Open source projects over technology developers the ability to access technology usually locked behind pay walls.  One trouble with open source technology is language translation and the ability for developers to localize their projects.  Language continues to remain a barrier in our technology driven world, but there are tools to overcome it.  OpenSource.com curated a list of, “18 Open Source Translation Tools To Localize Your Project.”

The curator understands the pains of proprietary software:

The proprietary versions of these tools can be quite expensive. A single license for SDL Trados Studio (the leading CAT tool) can cost thousands of euros, and even then it is only useful for one individual and the customizations are limited (and psst, they cost more, too). Open source projects looking to localize into many languages and streamline their localization processes will want to look at open source tools to save money and get the flexibility they need with customization.
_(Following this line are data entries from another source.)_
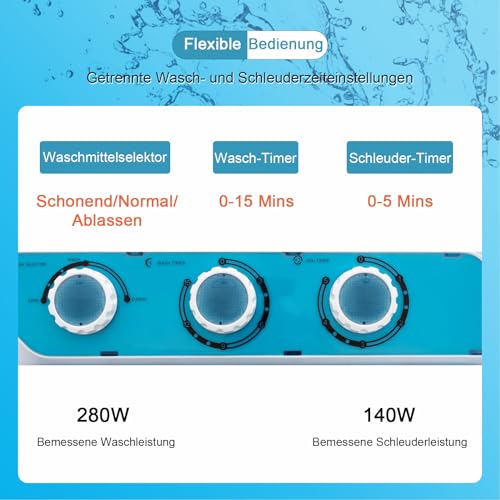Was- en centrifugefunctie: het ontwerp met dubbele trommel scheidt de wasfunctie van de droogfunctie. Met de draaiknop stel je de wastijd tot 15 minuten in en de centrifugetijd tot 5 minuten.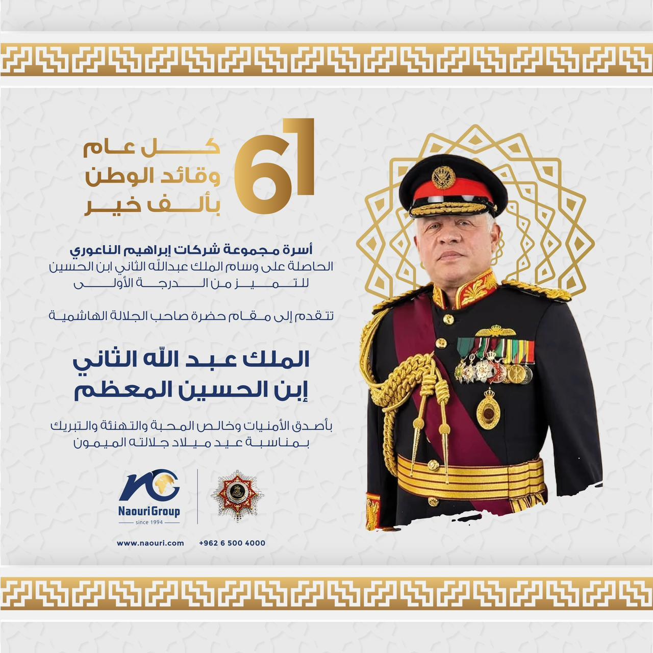 مجموعة الناعوري تهنئ جلالة الملك عبدالله الثاني بعيد ميلاده السعيد2023-01-30 10:00:03 -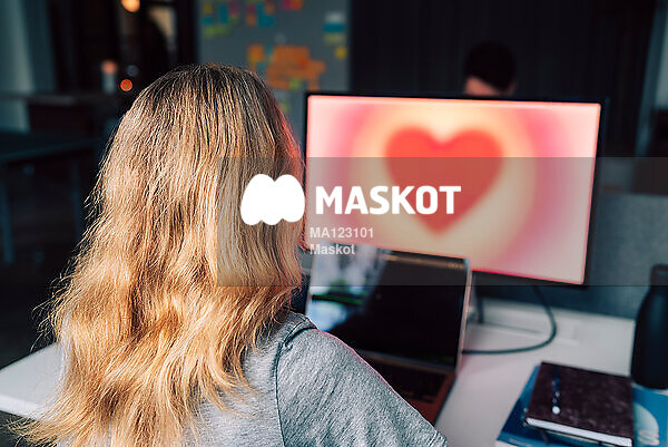 Ung kvinna med hjärta som bakgrundsbild på skräm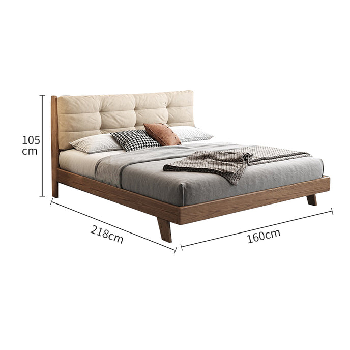 Pre Sale Walnut-Stained Ash Wood Bed with Cloud-Like Fabric Headboard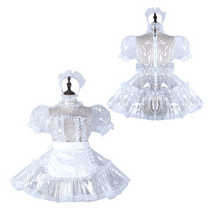 fondcosplay Lockable Clear PVC Sissy Maid Dress White Apron Crossdressing Cosplay Costume [G2297]Item NO.: G2297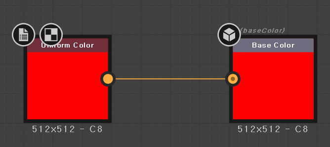 Shift 키를 누른 상태에서 검정색 유니폼 컬러 노드의 아웃 연결점을 클릭 한 후 Shift 키를 계속 누른 상태로 빨간 색 유니폼 컬러 노드의 아웃 연결점으로 이동 시킵니다.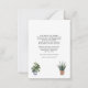 This moving announcement note card is modern and features quirky, boho plants, a couch, and a cat relaxing on it. Check out the rug and the wall art and vintage overhead lamps. Something your recipients would smile about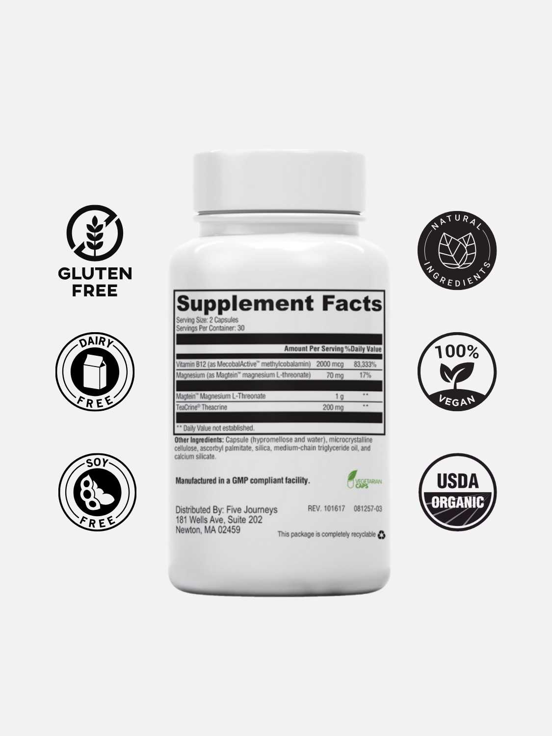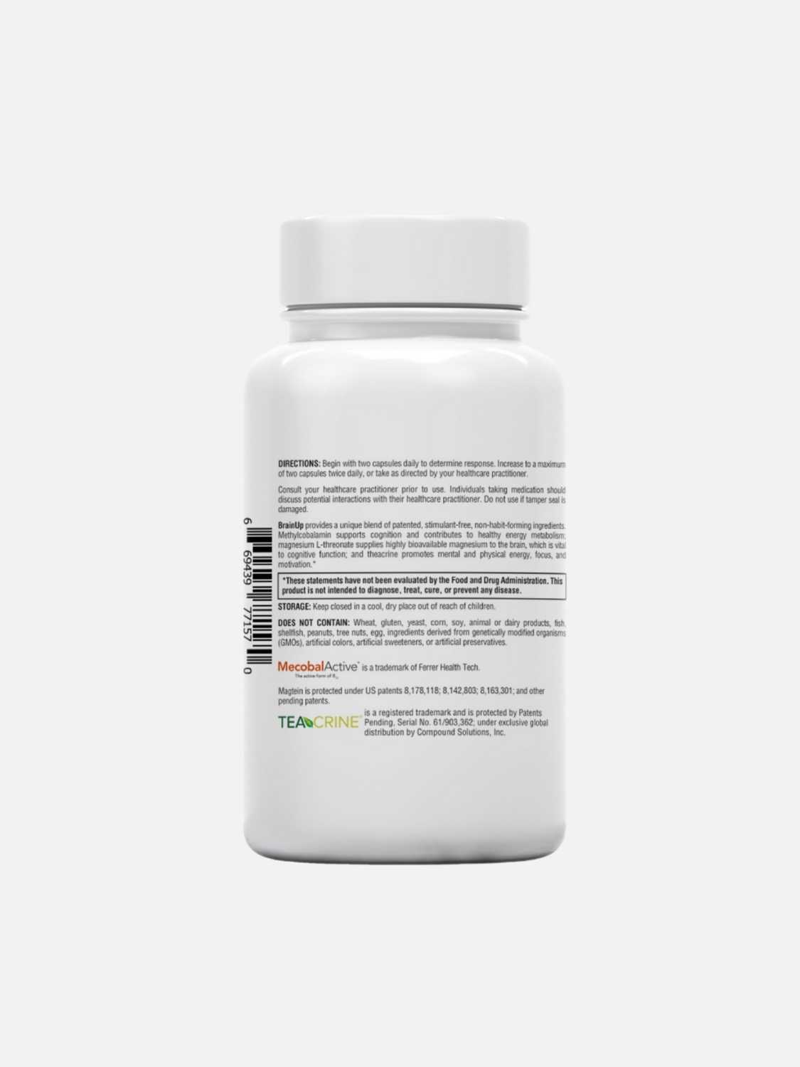 BrainUp is a unique blend of patented, stimulant-free ingredients. It contains methylcobalamin to support cognitive function, and magnesium L-theronate, which provides highly bioavailable magnesium. Theacrine is also included to support mental and physical energy, focus, and motivation. This product is not intended to diagnose, treat, cure, or prevent any disease.

The list includes tools for machine translation, which is a hot commodity.  Software that can generate a digestible and accurate translation from one language to another is a must have for many localization projects.  The list recommends checking out Apertium and Moses.  Computer-assisted translation tools are a must have for all translations and language students, because they can save hours of looking up information in dead tree lexicons.  They also work in real time, saving more countless hours, so you should check out OmegaT, Subtitles Translator, and Anaphraseus.  If you are working with multiple translators on your project you will need to utilize a translation management system to organize everyone-think SharePoint.  Jabylon, Zanata, GlobalSight, and Pootle are some good TMS software to check out.  Also included are localization automation tools that can ease your work burden, such as Okapi Framework and Mojito.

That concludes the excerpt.